In this project, we will program Yanshee using Python to:
- Recognise a person
- Complete tasks based on the voice instruction using Yanshee API
- Reading temperature sensors using Yanshee API
Required Knowledge
Please ensure that you have gone through the below resources before starting this project:
Introduction to YanAPI
YanAPI is an API for Python programming language. YanAPI provides the ability to use Python to obtain robot status information as well as design and control Yanshee robot. The API has pre-programmed the complicated AI functions and allows the programmer to call those functions by a single line of code.
Task 1: Recognising Faces and greeting
Step 1: Switch on Yanshee and connect to Yanshee using VNC viewer.
Step 2: Create your python file under and name it as <Your File Name>.py
Step 3: Initialise YanAPI by using the code below:
import YanAPI
import time
ip_addr = "127.0.0.1" # please change to your yanshee robot IP
YanAPI.yan_api_init(ip_addr)
The import command is to tell Python that this application will re-use the functions in the imported modules (YanAPI and time module). The ip_addr
parameter is the IP address of the robot that you are going to control. In most of the case, we set it to 127.0.0.1
for the curret robot itself. If you which to control more than one robot, you may need the IP address of the other robots. After that Call the YanAPI.yan_api_init
function to initialise the connection of the robot.
Step 4: Recognise the face by adding the code below
fr_res = YanAPI.sync_do_face_recognition("recognition")
if name_val != "" and name_val != "none":
print("\nDetected: ")
print(name_val)
YanAPI makes facial recognition super easy by just calling 1 function. If the face has been added to the database, the sync_do_face_recognition
returns the result of the recognition.
Step 5: Speak the greetings by calling TTS API
tts_res = YanAPI.start_voice_tts("Hi "+name_val+", what can I do for you?",False)
Yeah!
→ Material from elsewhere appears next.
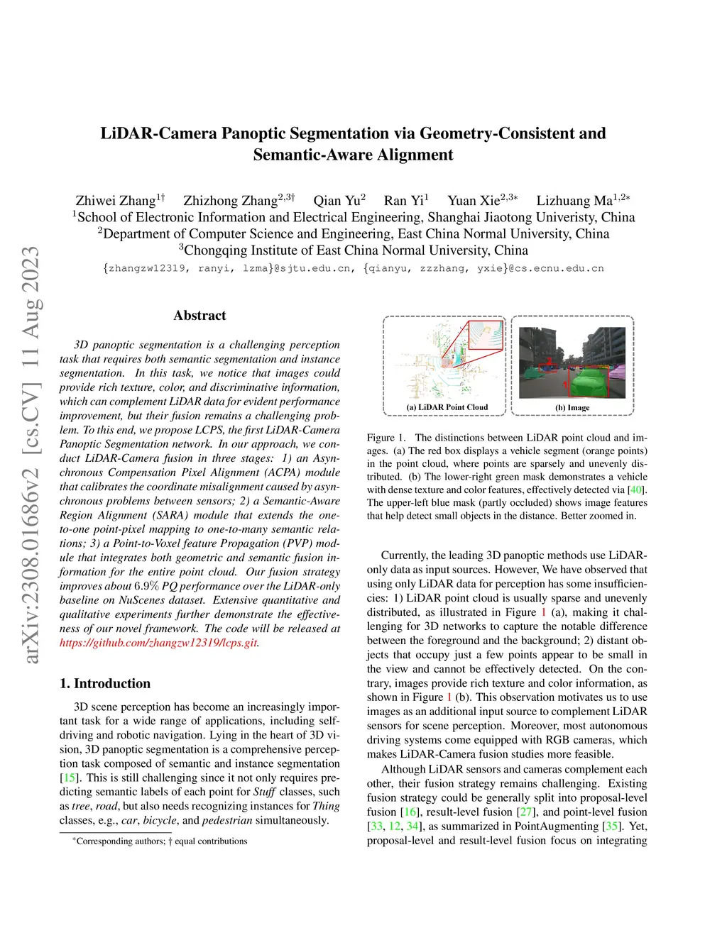 3D panoptic segmentation is a challenging perception task that requires both semantic segmentation and instance segmentation. In this task, we notice that images could provide rich texture, color, and discriminative information, which can complement LiDAR data for evident performance improvement, but their fusion remains a challenging problem. To this end, we propose LCPS, the first LiDAR-Camera Panoptic Segmentation network. In our approach, we conduct LiDAR-Camera fusion in three stages: 1) an Asynchronous Compensation Pixel Alignment (ACPA) module that calibrates the coordinate misalignment caused by asynchronous problems between sensors; 2) a Semantic-Aware Region Alignment (SARA) module that extends the one-to-one point-pixel mapping to one-to-many semantic relations; 3) a Point-to-Voxel feature Propagation (PVP) module that integrates both geometric and semantic fusion information for the entire point cloud. Our fusion strategy improves about 6.9% PQ performance over the LiDAR-only baseline on NuScenes dataset. Extensive quantitative and qualitative experiments further demonstrate the effectiveness of our novel framework. The code will be released at https://github.com/zhangzw12319/lcps.git.

It's done! Without writing hundreds lines of codes, you can use YanAPI to do Facial Recognition and Text To Speech with these few lines of codes.
Task 2: Two-way communication by Listening and Speaking
In this task, we program Yanshee to listen to the human voice command to add new face to the database, and get the name of the person by asking a question, finally, take a photo of the person in front and execute the adding facial function based on the information it gets.
Step 1: Create a function to capture image and add to the facial recognition database
def input_face_sample(name):
tts_res = YanAPI.start_voice_tts("Taking photo, cheese",False)
#take a photo
res = YanAPI.take_vision_photo()
print(res)
if(res["code"] == 0):
#retrieve photo image
path = "/tmp/"
YanAPI.get_vision_photo(res["data"]["name"], path)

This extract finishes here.